Exercise: Your task is to copy the lines from the line containing "整个四川人人皆知。色泽红亮,质地软嫩,口" through the end of the listing below, both included, without any pictures.

Given material:
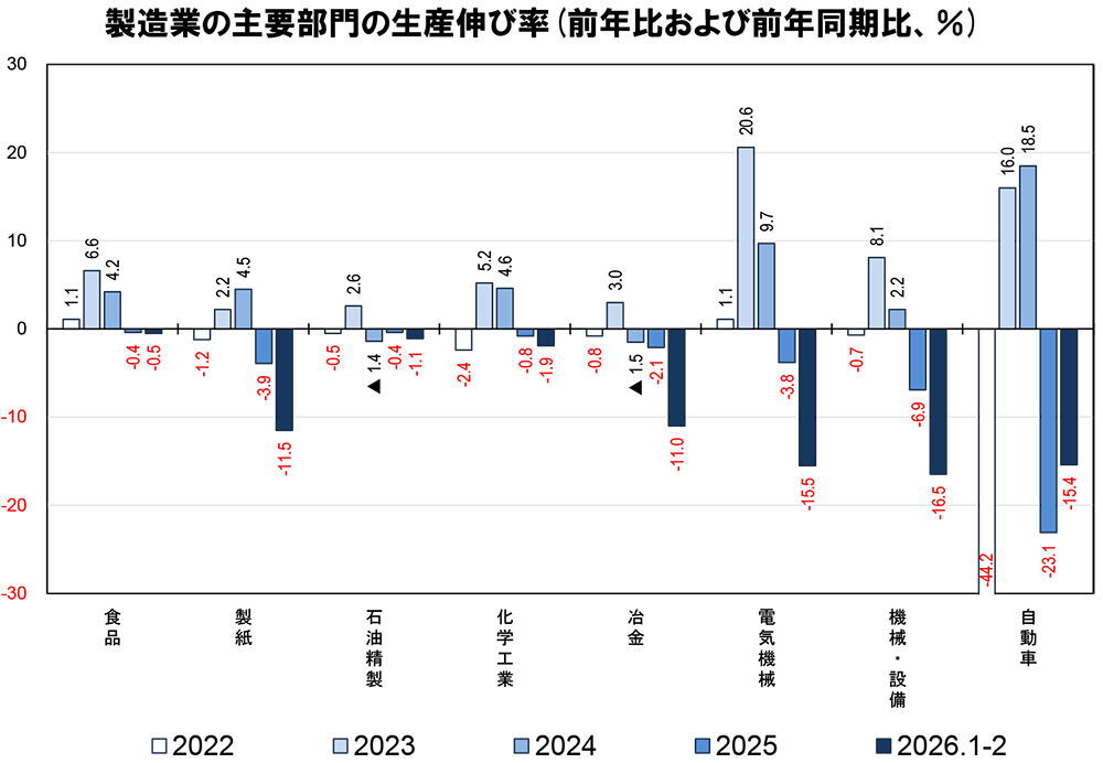 鉱工業全体と、その二本柱である鉱業および製造業の生産指数を見たのが、上図となる。2025年までは製造業が牽引する形で鉱工業全体が伸びていたが、2026年に入り製造業に急ブレーキがかかり、1~2月には製造業は前年同期比2.9%減を記録した。逆に、マイナスが続いていた鉱業は、今年に入り若干持ち直している。
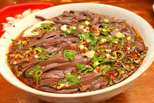 整个四川人人皆知。色泽红亮,质地软嫩,口味麻辣浓香。观之青红碧绿,津河暗涌。一大青瓷盘新拌的肺片端上桌,红油重彩,颜色透亮;把箸入口中,便觉麻辣鲜香、软糯爽滑,脆筋柔糜、细嫩化渣。
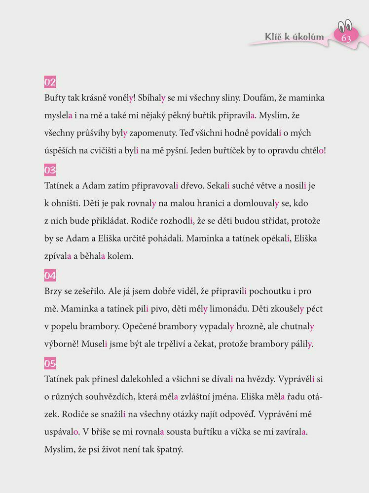 Použili jsme pravopisné oříšky v příbězích psa Evžena. Děti jsou na jeho další kousky zvědavé, proto pak k psaní diktátu necítí nechuť. Buď můžete dítě nechat v první části doplnit chybějící písmena, nebo mu text podle klíče v závěru nadiktovat. Knížka je vhodná pro procvičování pravopisu ve...

Result of this task:
 整个四川人人皆知。色泽红亮,质地软嫩,口味麻辣浓香。观之青红碧绿,津河暗涌。一大青瓷盘新拌的肺片端上桌,红油重彩,颜色透亮;把箸入口中,便觉麻辣鲜香、软糯爽滑,脆筋柔糜、细嫩化渣。
 Použili jsme pravopisné oříšky v příbězích psa Evžena. Děti jsou na jeho další kousky zvědavé, proto pak k psaní diktátu necítí nechuť. Buď můžete dítě nechat v první části doplnit chybějící písmena, nebo mu text podle klíče v závěru nadiktovat. Knížka je vhodná pro procvičování pravopisu ve...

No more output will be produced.